Progressive Conservative prime minister Brian Mulroney had negotiated a series of constitutional amendments that would have given the provinces stronger powers and declared Quebec a "distinct society."

Political support for the effort fell apart in 1990, which fuelled the Quebec sovereignty movement. The Spicer Commission was set up as a way to explore the issues affecting national unity. It preceded the next, ultimately unsuccessful attempt at constitutional reform: the Charlottetown accord in 1992.

Spicer's 1991 report called for an independent review of the official languages policy, Senate reform, recognition of the unique nature of Quebec culture and recognition of the rights of Indigenous Peoples.

The commission, which involved extensive engagement with hundreds of thousands of Canadians, also found strong dissatisfaction with the policies of multiculturalism and bilingualism. And, famously, with Mulroney himself: "There is a fury in the land against the prime minister," Spicer wrote in his report.

Nick said his father loved his time at the Ottawa Citizen most of all. He continued to reminisce about those days when he moved to Paris, where he spent most of his later years.

"His heart will always be in Paris," Nick said. "Because of the beauty, because he was young there."

But he came back to Canada, a country "he loved so much."

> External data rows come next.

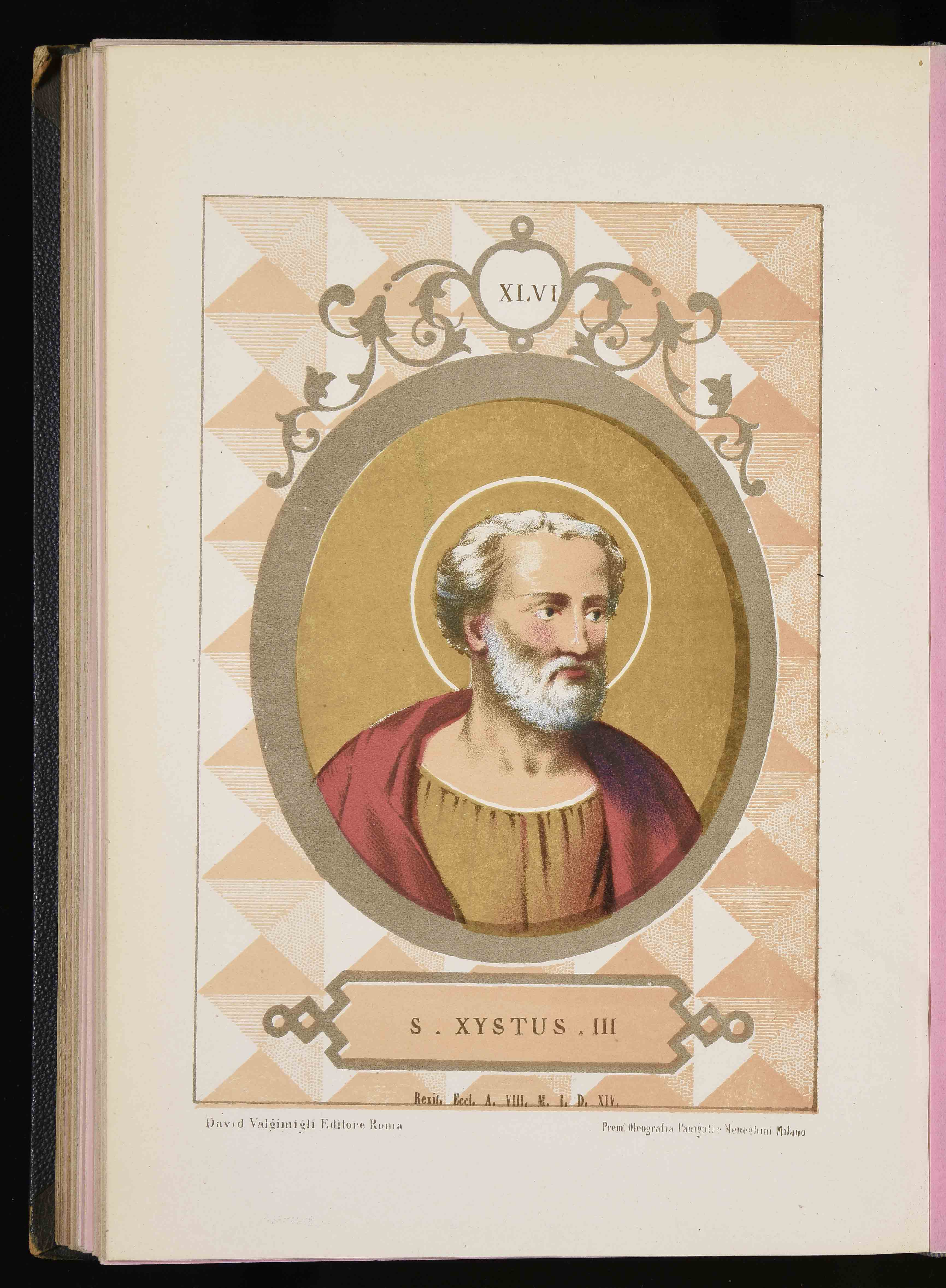260x177 mm; in Luigi Tripepi, Ritratti e biografie dei romani pontefici: da S. Pietro a Leone XIII, Roma, Tipografia della Pace, 1879
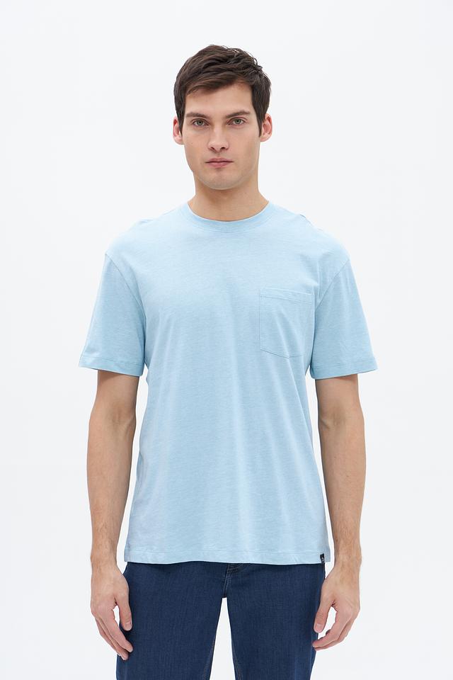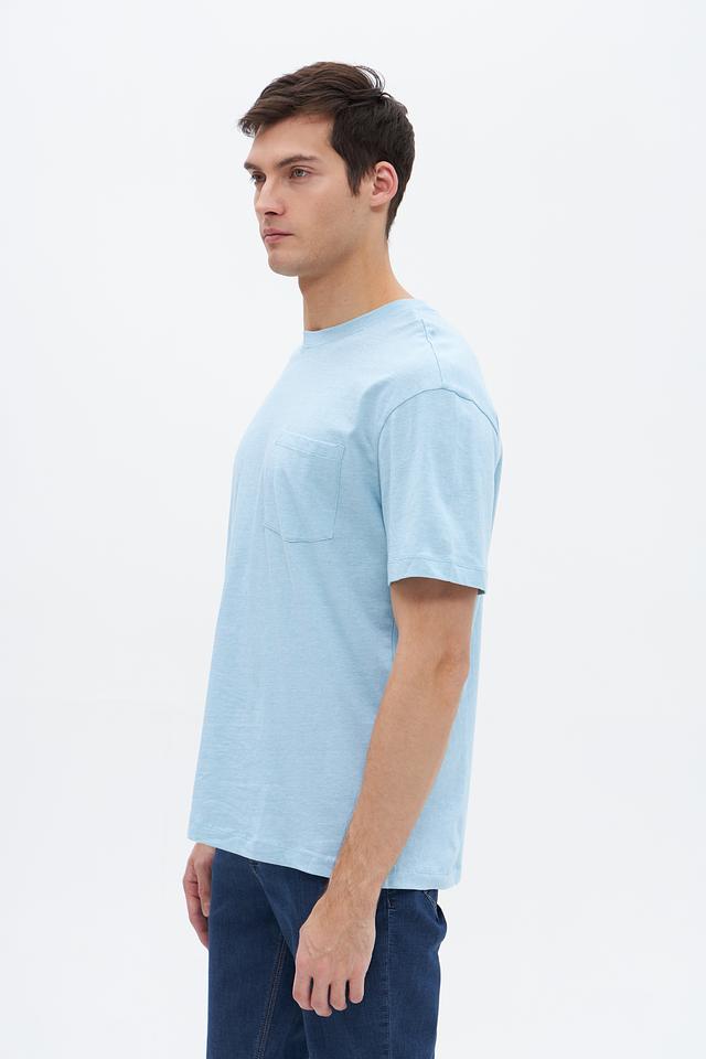 Отличительной особенностью данной модели является накладной карман на груди, который добавляет ей функциональности и стиля. Голубой цвет футболки легко сочетается с другими элементами гардероба, позволяя создавать разнообразные образы.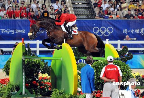 八月十五日晚,奥运马术在香港沙田举行场地障碍个人赛及团体赛的第一轮资格赛。中国选手李振强与坐骑“长安金伯乐”奥运马术场地障碍赛上登场。现年四十岁来自广东东莞的李振强,是首位参加奥运马术障碍赛的中国人。中新社发 邓庆乐 摄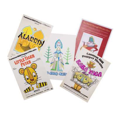 works on paper, photographs and prints, comprising pen drawings, brush drawings, pencil drawings, sketches, applique works, gouaches, graphics, including designs for productions of Aladdin, the Ugly Duckling, The Snow Queen, Cinderella, Buratino, Goldilocks, Pinocchio, Buratino, Hoffman's Tales, Jungle Book; Giant Witches and Fighting Men, Firebird, Hansel and Gretel, The Frog Princess, Love for three Oranges, etc., etc.; posters for Cannon Hill productions and photographs of live Cannon Hill production (large quantity)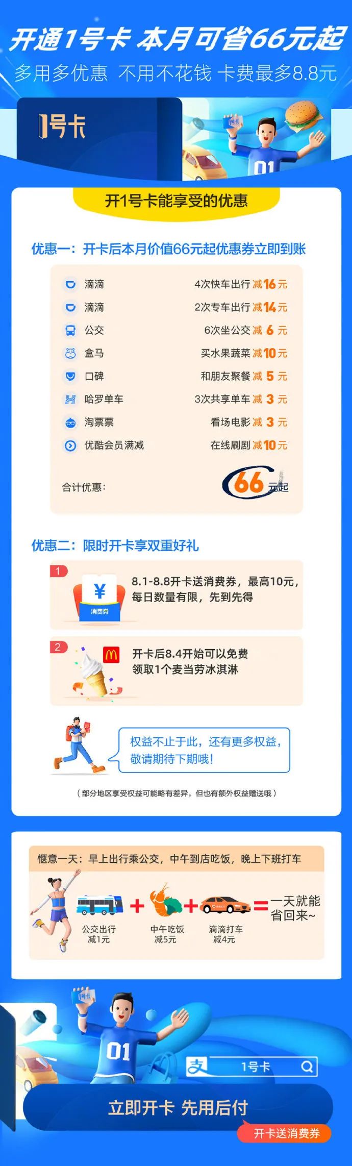 支付宝 1 号卡正式首发:本月可省 66 元起,多用多优惠,不用不花钱。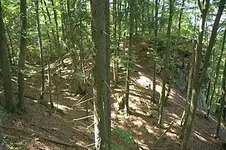 Wenige Meter vor dem Hauptgraben befindet sich ein vorgelagerter, 60 Meter langer Abschnittsgraben mit einem Außenwall (Bild 2). Der leicht gebogene Graben beginnt an der westlich des Burgstalles liegenden Hangkante und verläuft in östlicher Richtung. Er endet an einem trockenen kleinen Quellbecken, vermutlich diente dieser Graben zur Sicherung dieser Wasserstelle.

He then began joining his former Citizen colleagues for chats over coffee on Friday mornings, said Jay Stone, who was a longtime film critic for the newspaper. He said he could tell how much Spicer missed France. "He didn't like looking out the window of his home and seeing trees," he said. "He wanted to see Champs-Élysées."

But his son made sure to remind his father of his legacy regarding the use of French at home in Canada, noting his care chart at the hospital in Ottawa was written in both official languages.

"That all changed because of you," Nick said he told his father.

This report by The Canadian Press was first published Aug. 24, 2023.

Alessia Passafiume, The Canadian Press

Note to readers: This is a corrected story. A previous version erroneously reported that Keith Spicer had held a press conference in an air-traffic control tower in Montreal in 1976. It also reported that Spicer had grown up on a farm.